Common variants in inflammation-related genes may alter the expression of inflammatory cytokines and chemokines, thereby predisposing to gallstones and/or biliary tract cancer (8). To further clarify the role of inflammation in biliary diseases, we examined the risks of biliary stones and cancer associated with 62 single nucleotide polymorphisms (SNPs) in 22 inflammation genes in a population-based study conducted in Shanghai, China, where the incidence of biliary tract cancer is increasing rapidly in recent years (9).

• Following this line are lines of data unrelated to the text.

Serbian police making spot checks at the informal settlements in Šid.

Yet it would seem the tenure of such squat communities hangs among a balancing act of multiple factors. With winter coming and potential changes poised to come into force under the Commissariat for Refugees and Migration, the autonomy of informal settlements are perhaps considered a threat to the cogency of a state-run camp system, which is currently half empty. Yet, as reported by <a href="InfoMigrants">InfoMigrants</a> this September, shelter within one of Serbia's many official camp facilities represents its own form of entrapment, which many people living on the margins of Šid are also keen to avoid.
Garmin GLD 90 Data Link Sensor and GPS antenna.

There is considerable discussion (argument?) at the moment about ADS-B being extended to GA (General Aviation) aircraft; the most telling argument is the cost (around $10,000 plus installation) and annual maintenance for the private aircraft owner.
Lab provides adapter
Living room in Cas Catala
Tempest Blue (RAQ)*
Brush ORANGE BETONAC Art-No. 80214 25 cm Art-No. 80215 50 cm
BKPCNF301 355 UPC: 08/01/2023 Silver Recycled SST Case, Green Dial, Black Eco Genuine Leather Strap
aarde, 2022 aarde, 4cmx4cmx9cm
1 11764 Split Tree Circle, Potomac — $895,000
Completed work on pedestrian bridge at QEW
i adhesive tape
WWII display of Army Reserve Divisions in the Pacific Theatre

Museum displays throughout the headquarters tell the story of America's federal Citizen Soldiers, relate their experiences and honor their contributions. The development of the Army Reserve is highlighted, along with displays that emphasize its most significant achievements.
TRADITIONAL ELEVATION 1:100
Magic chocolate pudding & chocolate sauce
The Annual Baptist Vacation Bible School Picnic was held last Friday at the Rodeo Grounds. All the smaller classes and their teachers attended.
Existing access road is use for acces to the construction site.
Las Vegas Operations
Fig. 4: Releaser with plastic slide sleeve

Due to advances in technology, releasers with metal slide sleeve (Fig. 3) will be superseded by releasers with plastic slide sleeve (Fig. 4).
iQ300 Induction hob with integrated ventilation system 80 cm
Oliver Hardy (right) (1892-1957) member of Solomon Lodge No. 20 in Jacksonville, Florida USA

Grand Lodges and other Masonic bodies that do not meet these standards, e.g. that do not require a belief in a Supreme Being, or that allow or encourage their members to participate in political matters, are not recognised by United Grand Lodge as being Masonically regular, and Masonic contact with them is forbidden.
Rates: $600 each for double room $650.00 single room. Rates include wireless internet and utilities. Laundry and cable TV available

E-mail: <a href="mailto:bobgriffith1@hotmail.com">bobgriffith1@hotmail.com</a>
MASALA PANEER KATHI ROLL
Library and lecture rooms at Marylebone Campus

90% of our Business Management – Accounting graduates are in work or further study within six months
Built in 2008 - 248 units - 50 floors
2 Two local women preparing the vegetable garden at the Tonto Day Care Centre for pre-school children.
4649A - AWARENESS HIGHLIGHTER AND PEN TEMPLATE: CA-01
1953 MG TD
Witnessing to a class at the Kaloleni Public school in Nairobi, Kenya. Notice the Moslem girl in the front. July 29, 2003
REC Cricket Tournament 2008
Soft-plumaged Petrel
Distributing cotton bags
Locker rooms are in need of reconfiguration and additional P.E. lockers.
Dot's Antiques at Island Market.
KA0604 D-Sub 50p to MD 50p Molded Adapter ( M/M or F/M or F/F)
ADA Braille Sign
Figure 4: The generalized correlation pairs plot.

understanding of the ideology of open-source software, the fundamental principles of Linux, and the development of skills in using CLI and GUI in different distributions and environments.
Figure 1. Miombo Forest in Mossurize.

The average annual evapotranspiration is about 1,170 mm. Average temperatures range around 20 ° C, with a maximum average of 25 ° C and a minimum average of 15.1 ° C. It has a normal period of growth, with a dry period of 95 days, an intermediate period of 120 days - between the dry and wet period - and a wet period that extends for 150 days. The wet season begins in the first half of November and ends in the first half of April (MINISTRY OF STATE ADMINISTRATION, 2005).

Details of the study have been reported elsewhere (3, 5–7,10–12). Briefly, primary biliary tract cancer cases (ICD-9 156) diagnosed between 1997 and 2000 were identified through a rapid-reporting system established by the Shanghai Cancer Institute (SCI) with 42 collaborating hospitals in urban Shanghai. This system captured more than 95% of all biliary tract cancers diagnosed in Shanghai. Case patients were permanent residents of urban Shanghai between 40 to 75 years of age. A total of 411 patients with biliary tract cancer (237 gallbladder, 127 bile duct, and 47 ampulla of Vater) were included. In addition, we selected a total of 1,037 biliary stone cases (774 gallstone and 263 bile duct stone patients) from the same hospitals from which the cancer cases were selected. Biliary stone cases had no history of cancer and were matched to index cancer cases on gender, age (within 5 years), and hospital. A total of 959 healthy subjects who were randomly selected from the urban Shanghai population (6.5 million permanent residents), using the Shanghai Resident Registry records, were included in this study as population controls. Controls were free of non-skin cancer and were frequency-matched to cancer cases in a 1-to-1 ratio by age (within 5 years) and gender distributions. All study subjects provided written informed consent. The Institutional Review Boards of the National Cancer Institute and SCI approved the study protocol.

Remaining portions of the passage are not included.